Le décrochage de l’Italie par rapport à la Belgique trouve son origine dans les années 1997-2004. Avec l’entrée dans la zone euro, le solde primaire stabilisant a baissé fortement et identiquement dans les deux pays, passant d’environ 4,0 % du PIB en 1997 à 0,5 % en 2004. Si la dette a plus diminué en Belgique, son taux d’intérêt apparent a plus baissé en Italie.
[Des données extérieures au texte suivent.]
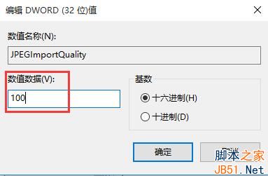 3、双击打开JPEGImportQuality设置界面,将其数值设置为100,点击确定然后重启电脑就可以了。
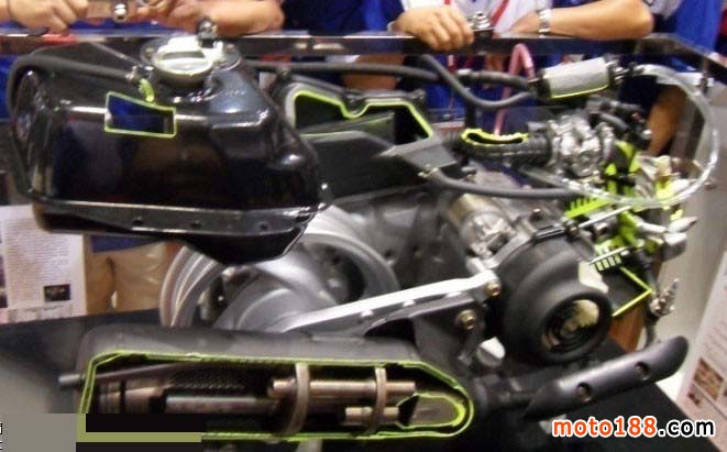 雅馬哈國3電噴豪華版迅鷹發(fā)動機系統(tǒng)的剖面圖
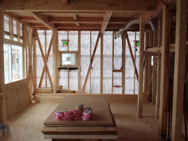 ☆先週の工事☆ 木工事(軒天ケイカル版貼り、2階天井ボード貼り、 壁断熱材入れ、床フローリング貼り、他) 外壁工事(外壁スターター金具、コーナー役物取付、他) ユニットバス据付 ☆今週の予定工事☆ 木工事(1階天井下地組み・天井ボード貼り、床フローロング 貼り、他) 外壁工事(平板サイディング貼り、他)
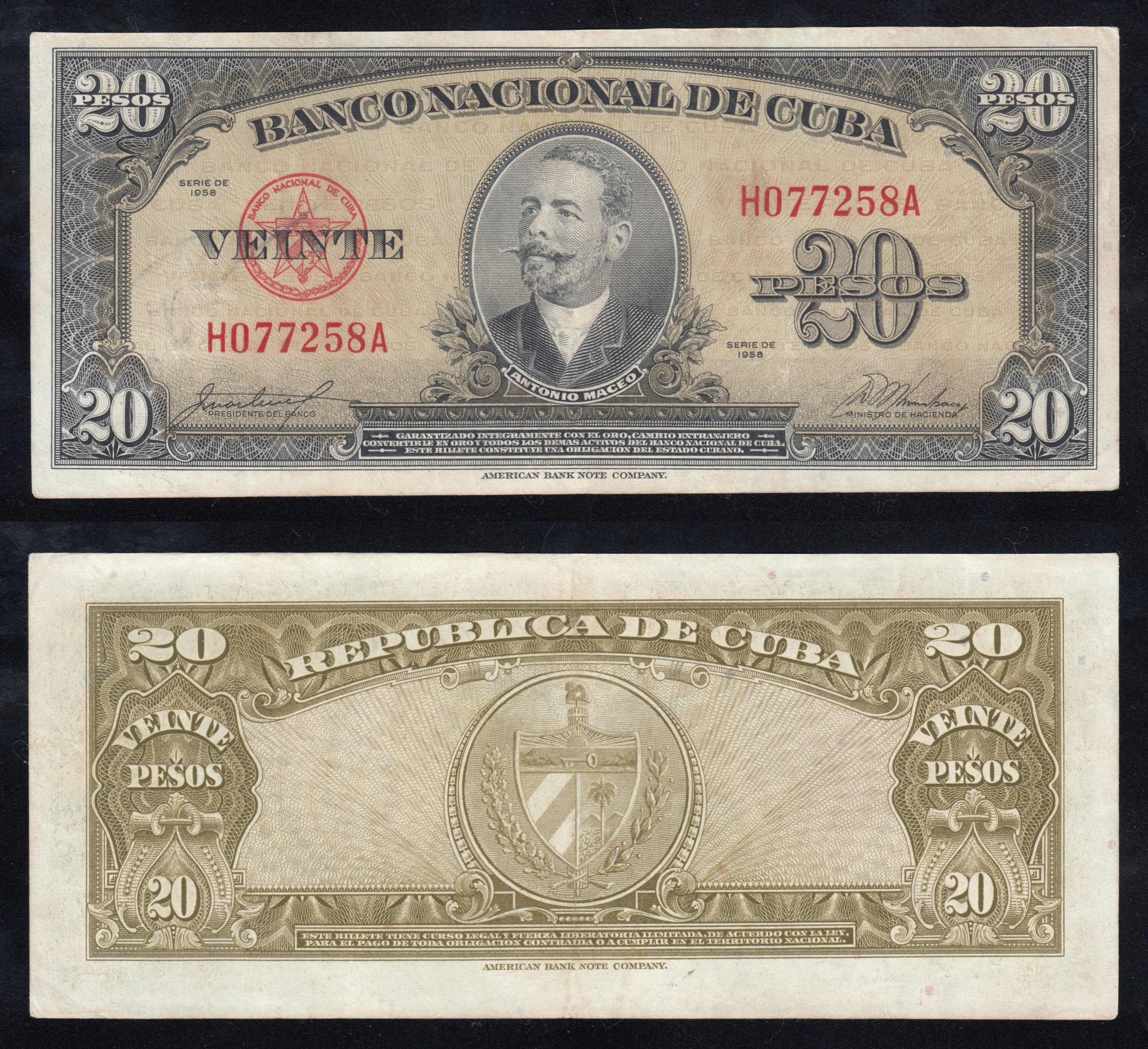 Банкнота (бона) номиналом 20 песо, выпущенная Национальным банком Кубы (Banco Nacional de Cuba) в 1958 году.
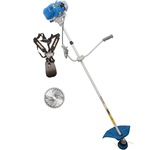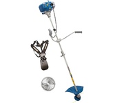 Объем 63см3; мощность 3,7кВт(4,9л.с.); ширина (нож/ леска) 254/400мм, двигатель 2-х такт с воздушным охлаждением ручной стартер, полуавтоматическая подача лески. Комплект: двигатель, разъёмная штанга, катушка, 3-х лопаст.нож, ремень плеч., налад комплек
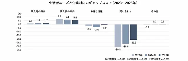 本調査により、購入先企業からのフォローやサポートに対する生活者のニーズは依然として高い傾向にあることが明らかになりました。2023年から2025年にかけて、生活者の「問い合わせ対応」に関するニーズと実際の企業対応とのギャップは徐々に縮小しているものの、ギャップスコアは2023年は-30.8pt、2024年は-26.6pt、2025年は-21.3ptと、他の項目と比較して依然として高い水準にあります。この結果から、企業のサポート体制の強化が引き続き求められていることが分かります。
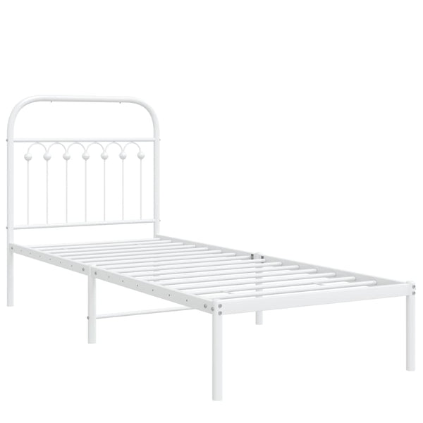 Valkoinen metallinen sängynrunko päädyllä 75x190cm

La croissance du PIB est restée sur un rythme voisin et relativement élevé dans les deux pays.

En revanche, alors que le solde primaire structurel des deux pays était quasi-identique en 1997 aux environs de 5,5 % du PIB, il est resté à un haut niveau en Belgique jusqu’à 2004 où il était encore de 3,7 % du PIB tandis qu’il fondait en Italie pour devenir nul en 2004. En Italie, les dépenses primaires ont augmenté et les prélèvements obligatoires ont diminué. En Belgique, les dépenses primaires et les prélèvements ont peu varié.
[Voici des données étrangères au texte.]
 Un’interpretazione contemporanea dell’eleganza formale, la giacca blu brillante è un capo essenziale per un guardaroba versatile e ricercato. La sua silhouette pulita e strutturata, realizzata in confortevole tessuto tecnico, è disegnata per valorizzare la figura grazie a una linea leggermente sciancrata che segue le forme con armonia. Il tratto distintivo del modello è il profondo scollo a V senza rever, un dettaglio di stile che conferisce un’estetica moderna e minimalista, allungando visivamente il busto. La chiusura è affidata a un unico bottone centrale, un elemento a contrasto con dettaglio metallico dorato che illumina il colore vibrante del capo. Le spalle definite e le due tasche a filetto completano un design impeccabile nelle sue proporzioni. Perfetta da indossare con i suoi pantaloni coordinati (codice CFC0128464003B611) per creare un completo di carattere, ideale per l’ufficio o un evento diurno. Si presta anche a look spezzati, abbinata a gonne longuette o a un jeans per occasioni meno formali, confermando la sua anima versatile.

Le solde primaire structurel italien a augmenté à partir de 2005 et il a atteint 3,5 points de PIB dans les années 2012-2019, contre 0,7 point en Belgique. Mais le solde primaire stabilisant a nettement augmenté en Italie pour se situer entre 2 et 3 % du PIB dans les années 2011-2019 tandis qu’il a continué à baisser en Belgique pour se situer entre – 1,0 et 0,5 % du PIB. Si le taux d’intérêt apparent de la dette publique a continué à diminuer dans les deux pays (un peu plus en Belgique), la croissance du PIB a fortement baissé en Italie (légèrement en Belgique) et la dette a augmenté de 30 points de PIB de 2004 à 2019 en Italie alors qu’elle était au même niveau en 2019 qu’en 2004 en Belgique.
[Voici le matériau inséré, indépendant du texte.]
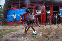 バングラデシュ・ロヒンギャ難民キャンプ内のユニセフが支援する子どもにやさしい空間で、サッカーボールを追いかけ遊ぶ子どもたち。 |
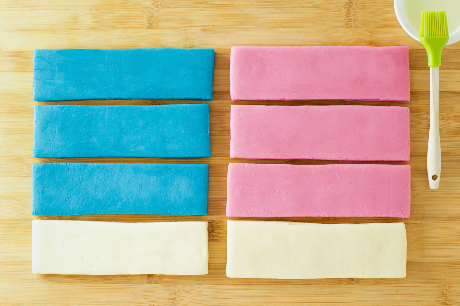 Step 4: For a Donald Duck-inspired cookie dough log, you will need three blue strips of dough and one white strip of dough. For a Daisy Duck-inspired cookie dough log, you will need three pink strips of dough and one white strip of dough. Each strip should be 7 inches long, 2 inches wide, and ½ an inch thick. Use a mixture of egg white mixed with water to “glue” four strips of dough together to make one character cookie log.
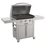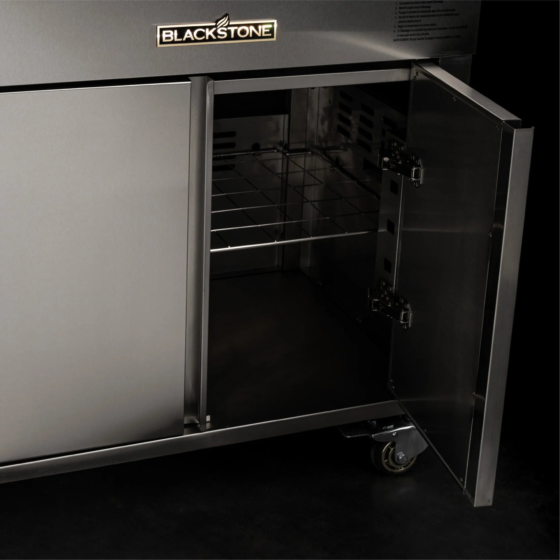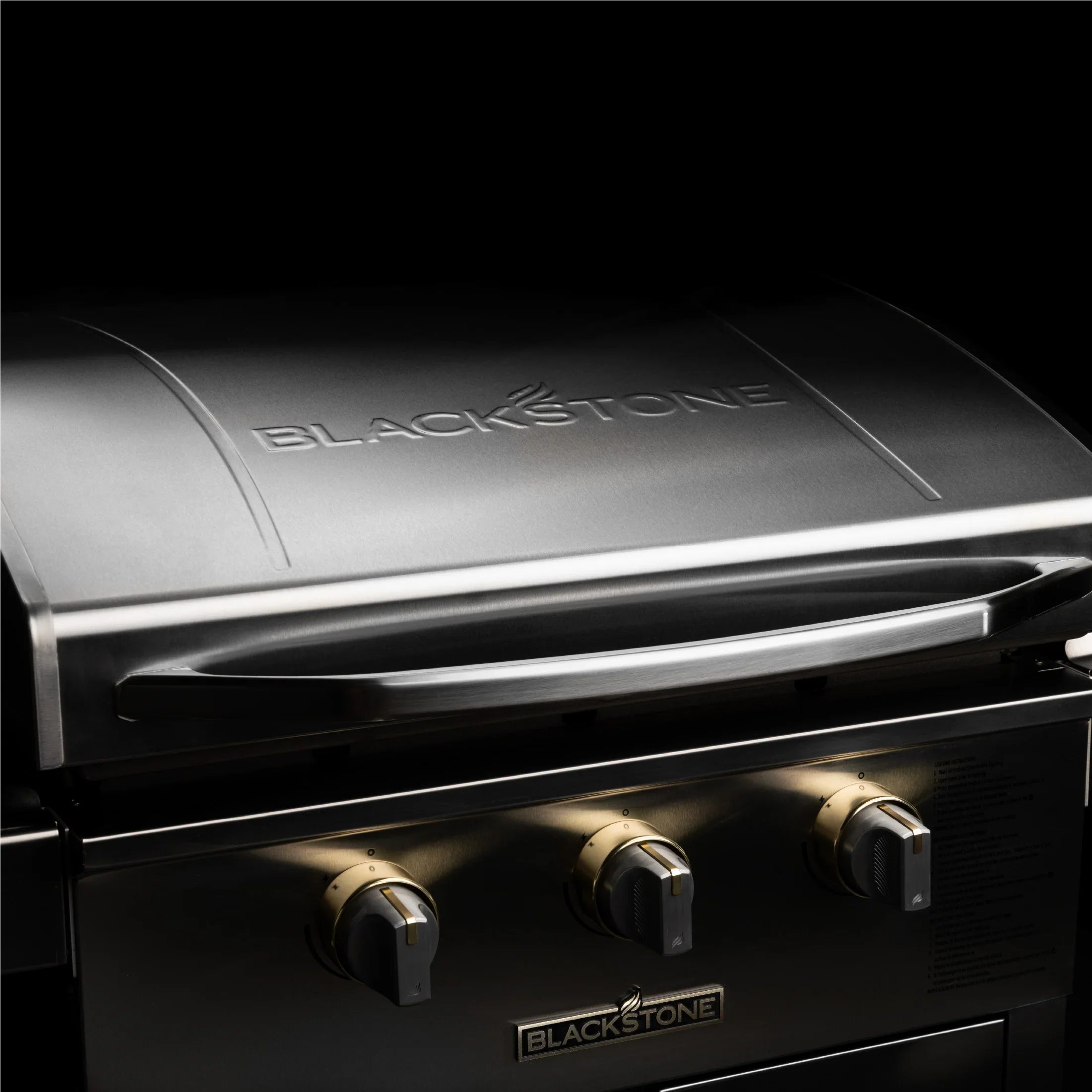 Transform your outdoor cooking with the Blackstone Select 28” Griddle featuring a sleek fusion of accuracy, sophistication, and ease. Crafted from durable 304-gauge stainless steel, this 28” griddle boasts a design that expands the versatility of your outdoor kitchen. Its integrated propane storage cabinet offers ample room for all your griddling essentials and seasonings. Experience enhanced accuracy with the innovative Omnivore Griddle Plate Technology and 3 independently controlled burners, allowing you to create a variety of dishes simultaneously. From morning pancakes to evening barbecues, this dynamic and efficient griddle is a backyard champion.
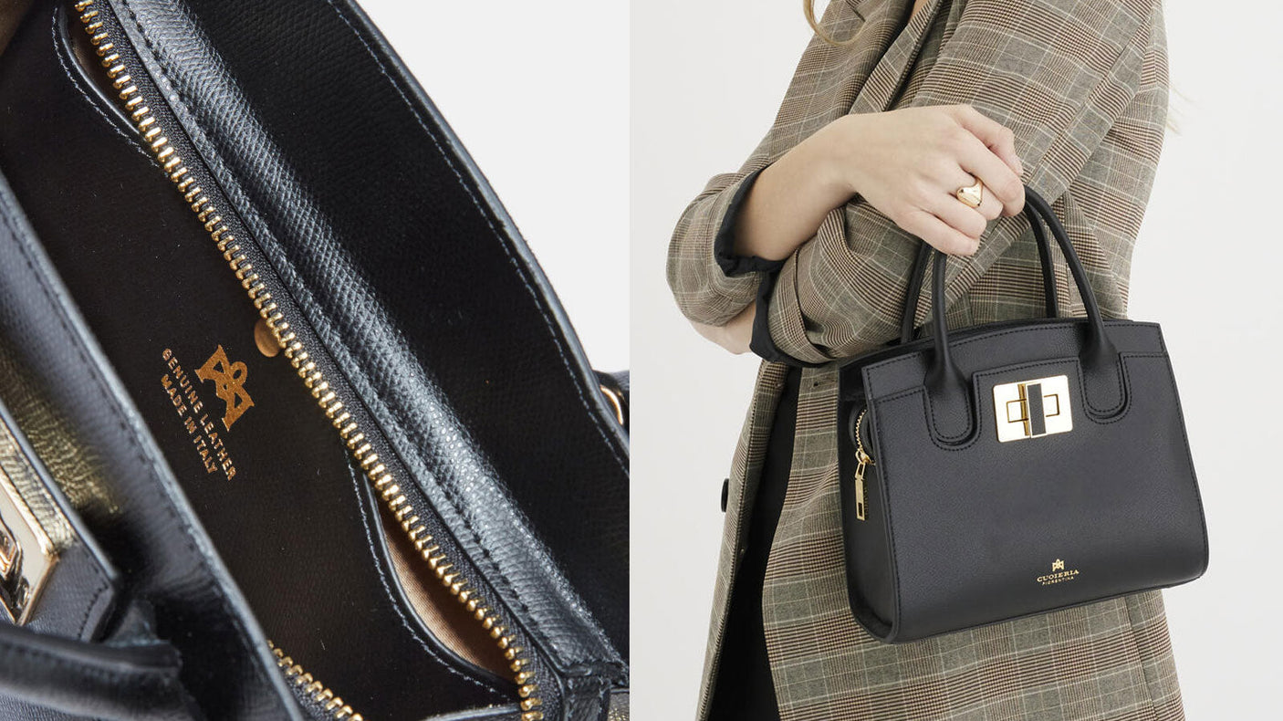 When character mixes with elegance, Bella small tote is born. The small dimensions do not take away the style and personality of the bag, the perfect accessory for those who are not afraid to dare and shine thanks to the golden inserts. The space inside makes it ideal for holding the essentials for the most chic evenings, lipstick and phone. Whether carried by hand or on the shoulder thanks to the removable shoulder strap, it will attract admiring glances.
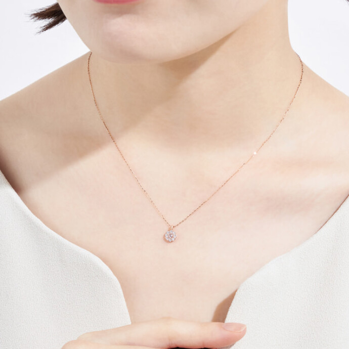 センターのモルガナイトを包み込むようにキュービックジルコニアがセッティングされた華やかなデザインのネックレス。
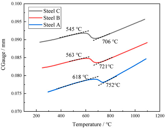 The morphology of ferrite is related to the phase transition temperature. PF is formed at a high temperature, and acicular ferrite and lath ferrite are formed at relatively low temperatures [12]. Figure 9 shows the expansion curves and phase transition temperatures of the three test steels during cooling. The phase Ar3 of test steel A was 752 °C, and the phase transition temperature was relatively high. When cooling to 650 °C, the phase transition was basically completed before entering the acicular ferrite transformation range for steel A. PF is a diffusion phase transition transformation controlled by the diffusion and migration of solute atoms near the phase interface [21,22]. The carbon atoms are fully diffused at a relatively high temperature and the growth rate of the ferrite is independent of the grain boundary orientation. Therefore, the main microstructures consist of PF in the A steel. When large-sized PF is formed at a high temperature, the ferrite emits more carbon, and the carbon elements gather into the untransformed austenite. With further reduction in temperature, the austenite with higher carbon content is transformed into large-sized degenerate pearlite. As a result, the microstructure of test steel A is PF and DP.

Au total, après son entrée dans la zone euro, l’Italie a relâché la maîtrise de ses finances publiques dans les années 1997-2004, contrairement à la Belgique, et s’est contentée de profiter d’une croissance et de taux d’intérêt favorables à la réduction de la dette publique. Elle a ensuite fortement relevé son solde primaire structurel mais cet effort est intervenu trop tard : le solde primaire stabilisant a lui-même fortement augmenté sous l’effet d’un net ralentissement de la croissance et de la hausse de l’endettement.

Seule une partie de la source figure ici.